Collected data:
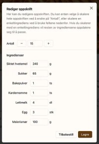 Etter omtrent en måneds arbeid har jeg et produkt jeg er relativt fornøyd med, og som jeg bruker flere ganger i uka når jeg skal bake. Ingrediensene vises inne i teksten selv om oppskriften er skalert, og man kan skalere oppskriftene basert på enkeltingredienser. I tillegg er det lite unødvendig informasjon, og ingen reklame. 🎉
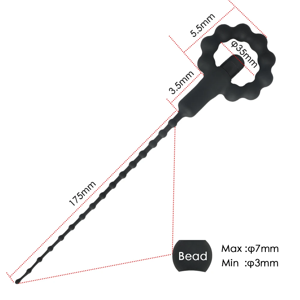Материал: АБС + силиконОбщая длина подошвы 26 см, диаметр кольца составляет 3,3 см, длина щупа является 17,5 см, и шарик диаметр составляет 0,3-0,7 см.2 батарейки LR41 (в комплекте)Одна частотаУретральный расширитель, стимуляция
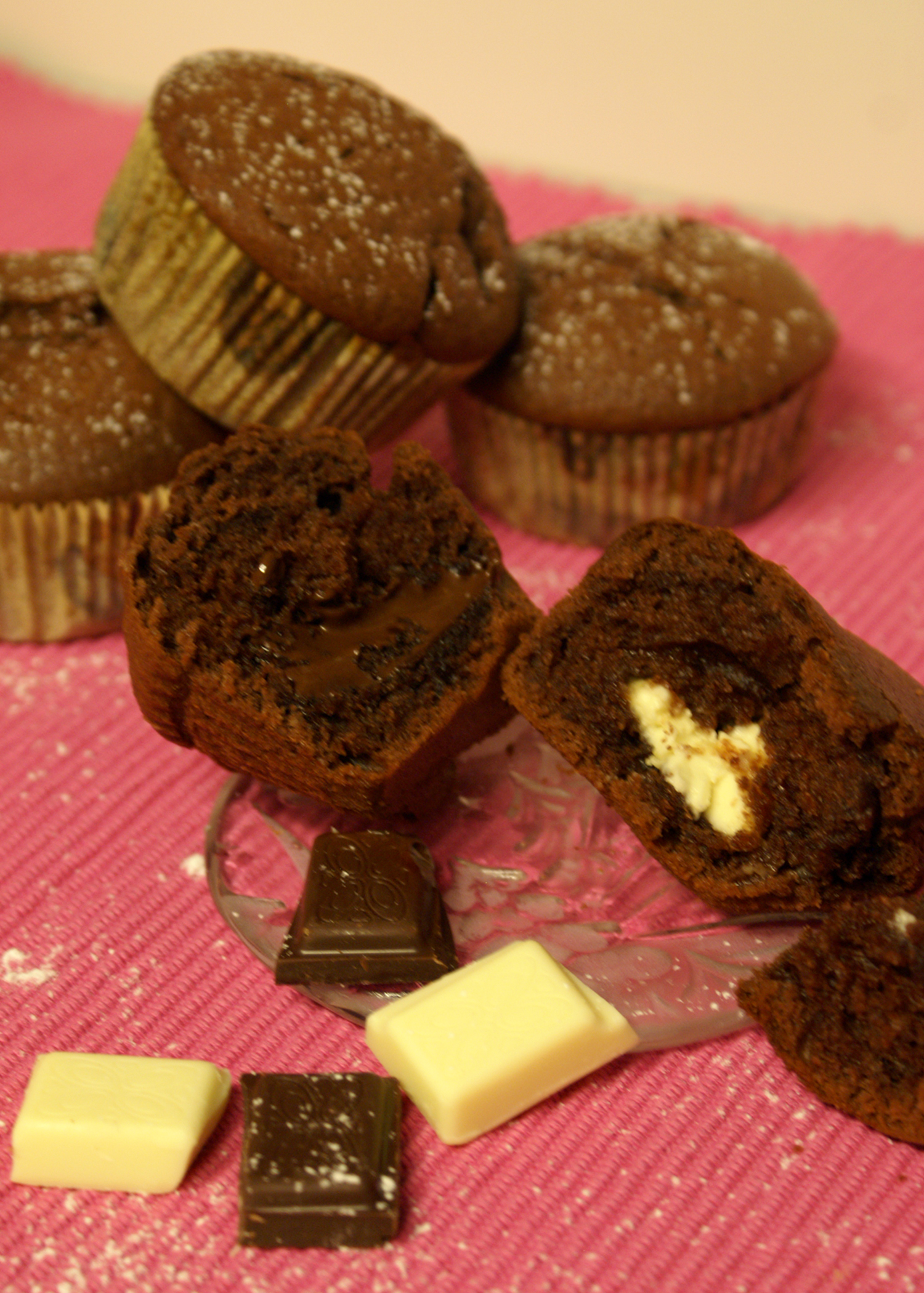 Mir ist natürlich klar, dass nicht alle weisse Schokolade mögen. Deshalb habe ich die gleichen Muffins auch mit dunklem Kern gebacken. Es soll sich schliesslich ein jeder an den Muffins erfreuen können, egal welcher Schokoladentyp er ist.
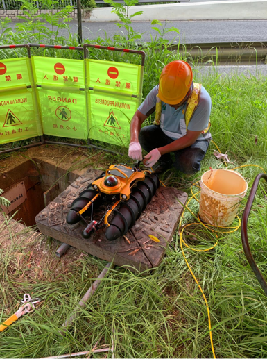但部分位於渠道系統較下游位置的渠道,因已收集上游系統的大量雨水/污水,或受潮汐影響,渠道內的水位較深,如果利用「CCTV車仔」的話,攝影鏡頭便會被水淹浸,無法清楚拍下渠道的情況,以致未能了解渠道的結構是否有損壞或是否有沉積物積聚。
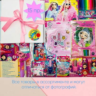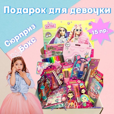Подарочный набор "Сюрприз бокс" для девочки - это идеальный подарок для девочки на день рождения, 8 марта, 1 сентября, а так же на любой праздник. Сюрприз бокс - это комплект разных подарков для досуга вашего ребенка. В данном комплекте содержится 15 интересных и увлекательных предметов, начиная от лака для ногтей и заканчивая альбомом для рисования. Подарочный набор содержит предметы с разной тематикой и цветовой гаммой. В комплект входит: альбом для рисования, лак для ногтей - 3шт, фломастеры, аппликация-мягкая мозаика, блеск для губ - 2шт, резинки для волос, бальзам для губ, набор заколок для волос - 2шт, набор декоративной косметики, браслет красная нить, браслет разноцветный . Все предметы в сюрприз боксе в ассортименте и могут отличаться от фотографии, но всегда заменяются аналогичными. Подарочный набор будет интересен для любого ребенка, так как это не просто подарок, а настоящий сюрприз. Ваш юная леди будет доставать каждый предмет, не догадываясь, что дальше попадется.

## Task objective
Every entry above needs to be copied exactly, and no pictures go with it.

## Finished task
 Etter omtrent en måneds arbeid har jeg et produkt jeg er relativt fornøyd med, og som jeg bruker flere ganger i uka når jeg skal bake. Ingrediensene vises inne i teksten selv om oppskriften er skalert, og man kan skalere oppskriftene basert på enkeltingredienser. I tillegg er det lite unødvendig informasjon, og ingen reklame. 🎉
Материал: АБС + силиконОбщая длина подошвы 26 см, диаметр кольца составляет 3,3 см, длина щупа является 17,5 см, и шарик диаметр составляет 0,3-0,7 см.2 батарейки LR41 (в комплекте)Одна частотаУретральный расширитель, стимуляция
 Mir ist natürlich klar, dass nicht alle weisse Schokolade mögen. Deshalb habe ich die gleichen Muffins auch mit dunklem Kern gebacken. Es soll sich schliesslich ein jeder an den Muffins erfreuen können, egal welcher Schokoladentyp er ist.
但部分位於渠道系統較下游位置的渠道,因已收集上游系統的大量雨水/污水,或受潮汐影響,渠道內的水位較深,如果利用「CCTV車仔」的話,攝影鏡頭便會被水淹浸,無法清楚拍下渠道的情況,以致未能了解渠道的結構是否有損壞或是否有沉積物積聚。
Подарочный набор "Сюрприз бокс" для девочки - это идеальный подарок для девочки на день рождения, 8 марта, 1 сентября, а так же на любой праздник. Сюрприз бокс - это комплект разных подарков для досуга вашего ребенка. В данном комплекте содержится 15 интересных и увлекательных предметов, начиная от лака для ногтей и заканчивая альбомом для рисования. Подарочный набор содержит предметы с разной тематикой и цветовой гаммой. В комплект входит: альбом для рисования, лак для ногтей - 3шт, фломастеры, аппликация-мягкая мозаика, блеск для губ - 2шт, резинки для волос, бальзам для губ, набор заколок для волос - 2шт, набор декоративной косметики, браслет красная нить, браслет разноцветный . Все предметы в сюрприз боксе в ассортименте и могут отличаться от фотографии, но всегда заменяются аналогичными. Подарочный набор будет интересен для любого ребенка, так как это не просто подарок, а настоящий сюрприз. Ваш юная леди будет доставать каждый предмет, не догадываясь, что дальше попадется.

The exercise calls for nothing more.